You need to have someone who knows how to initially tune a bow set it up and EXPLAIN what he's doing.
Do you have an archery club nearby? You should find people there who know what they're doing.

That bow is easy to tune because of it's binary cams. You don't need to worry about cam timing or tiller.

If you are alone with no experienced help...do it yourself. It's actually quite easy.

Get yourself the book "Technical Bowhunting" by Joe Bell. Amazon has them for 20 bucks. If you plan on hunting this is a MUST READ anyway!

Chapter 3 (The ten step bow tuneup) is dedicated to tuning and should be enough for you to get very close.

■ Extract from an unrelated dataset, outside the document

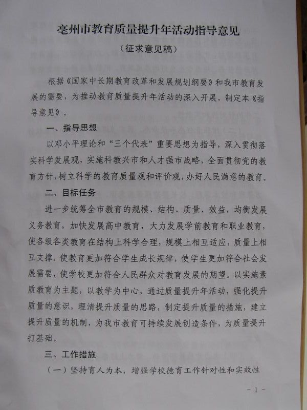 亳州市教育质量提升年活动指导方案(征求意见稿)
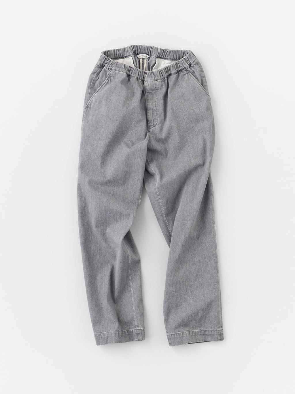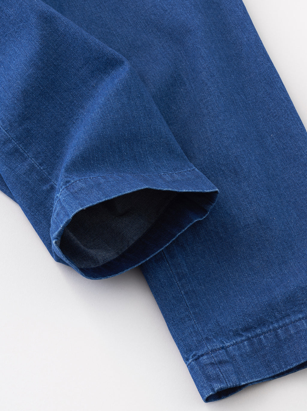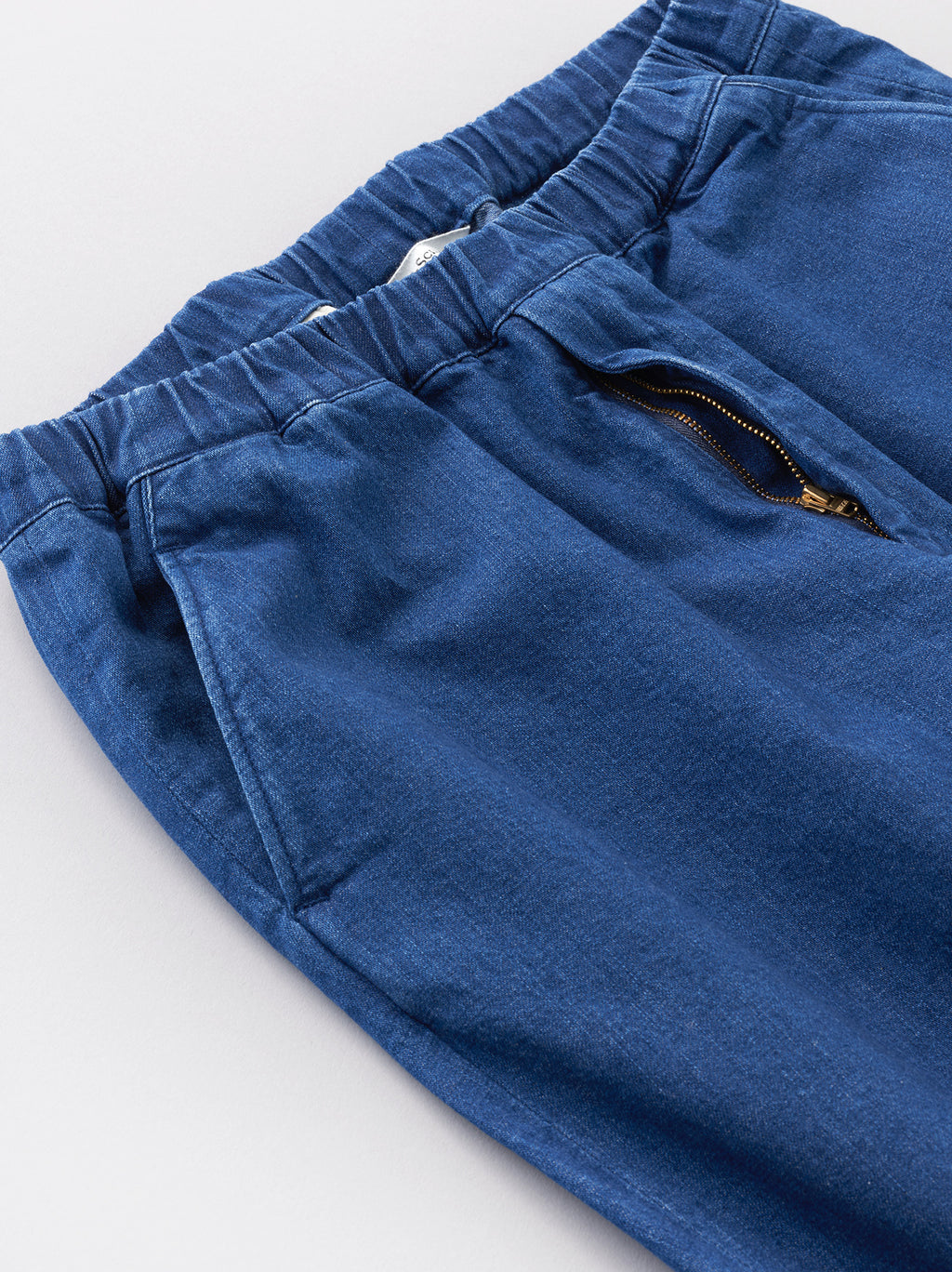 定番型のテーパードパンツ。程よいテーパードシルエットと、太すぎず細すぎないちょうど良いサイズ感。ヒップ周りにゆとりを持たせ、ウエストはゴムと紐のイージースタイル。硫化染めのデニムは、インディゴ染料では表現できない独特のブルーの色合いが特徴。

BTW..you say you're 15? What the ... are you drawing 70 pounds for? Are you trying to blow yourself out?


----------



## Booner Chaser (Jun 10, 2011)

Hi thanks guys for the help and I found some videos and articles online and I got her shooting good now. I got the 20 ad 30 pin on but I was getting sore so I will get my 40 and 50 in the next couple of days. And three toe, I don't remember saying I pull 70 pounds, but yes I have a 70 pound max bow but it is turned down the 59 right now and I actually was pulling my dad's 65 pound bow last year and I am about ready to turn it up again. I can pull 59 with ease and I have done the test where you sit down and hold your feet off the floor and draw the bow and I can do it with ease. I wouldn't think about shooting a bow that is too heavy for me, trust me. I have seen people ruin themselves and I don't plan on being there. I am turning 16 in less than a month. Thanks for worrying though lol


----------



## bowtechman88 (Feb 26, 2010)

threetoe said:


> First off...
> it's nearly IMPOSSIBLE for us on this end of a keyboard to help.
> You need to have someone who knows how to initially tune a bow set it up and EXPLAIN what he's doing.
> Do you have an archery club nearby? You should find people there who know what they're doing.
> ...


im 16 and pulling 70 pounds without a problem. Dont see it any different than lifting weights everyday


----------